At the beginning of March, the 2020 legislative session was in full swing. We had just testified at hearings in Maryland and New Hampshire and were taking the next steps in our campaigns to pass legislation in Massachusetts and New York. Newspapers across the country featured letters and op-eds from citizens urging their lawmakers to pass proposed assisted-dying legislation.

Two weeks later, the world looked very different. You’ll notice this edition of our news roundup does, too.

COVID-19 upended legislative sessions across the U.S.; by late March the majority of legislatures postponed or adjourned their sessions. Our work in statehouses ground to a halt, and news coverage of our issue declined as media outlets turned their attention toward covering the pandemic.

This roundup features some of the most thought-provoking news stories about death and dying in the midst of a pandemic, as well as the usual state-by-state updates and op-eds.

Death and Dying in the COVID-19 Era

When the pandemic first hit, we received many inquiries with related questions. A sampling: “How do I access a death with dignity law if I come down with COVID-19?” and “How can I make sure my advance directive gets honored in the COVID-19 era?”

We reached out to our generous network of nurses, palliative physicians, and medical ethicists about these complex medical The result: an article featuring expert responses to the most frequently asked questions we’ve received.

The article caught the attention of a reporter at KQED, the San Francisco Bay Area’s NPR affiliate station, who produced a story featuring Death with Dignity Executive Director Peg Sandeen.

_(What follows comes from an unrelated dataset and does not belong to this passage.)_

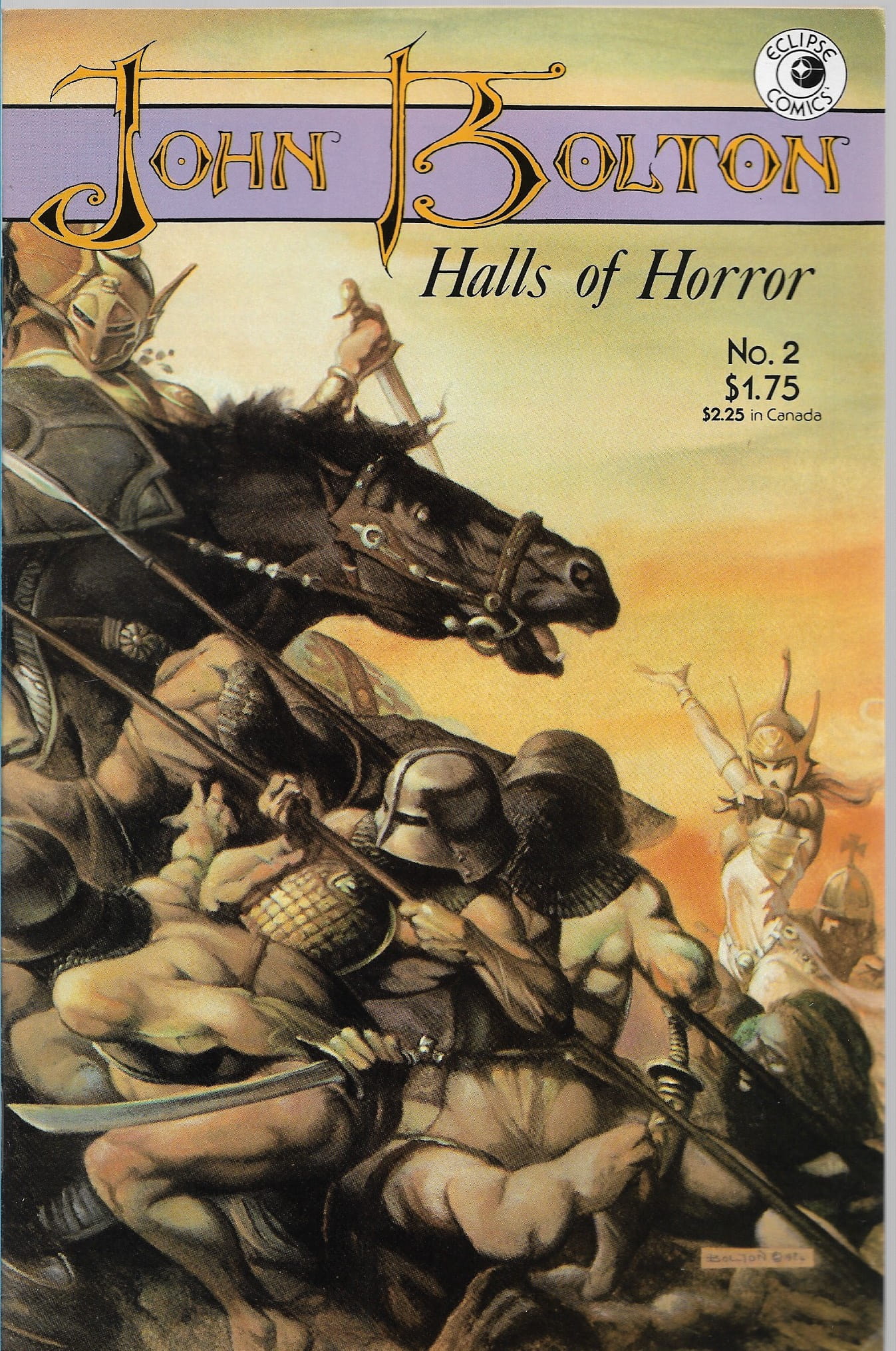 Wydawnictwo: Eclipse Comics . Tytuł: John Bolton : Halls of Horror 1-2/1985 . Komiks w języku angielskim . Wydanie kolorowe . Zeszyty po 32 strony . Stan Dobry : okładka lekko poprzecierana i poprzyginana . 1-2 , Komplet ! Okładka obu komiksów typu : Wraparound autorstwa Johna Boltona .

“Isolated COVID-19 Deaths Have People Asking About Right-to-Die Medications,” KQED, 4/28/20

From the piece:

“Social workers at Death with Dignity have been answering a steady increase in calls about the coronavirus. About 80% come from people who want these medications “just in case” the pneumonia they have proves to be the coronavirus, or so they can “be ready,” Executive Director Peg Sandeen said.

This kind of grassroots interest could influence future legislation. But Sandeen believes legislation that is proposed directly in response to the coronavirus will mainly address advance planning. “Because it’s all about this desire to have control at the end of life and to have whatever your wishes are, play out,” Sandeen said.”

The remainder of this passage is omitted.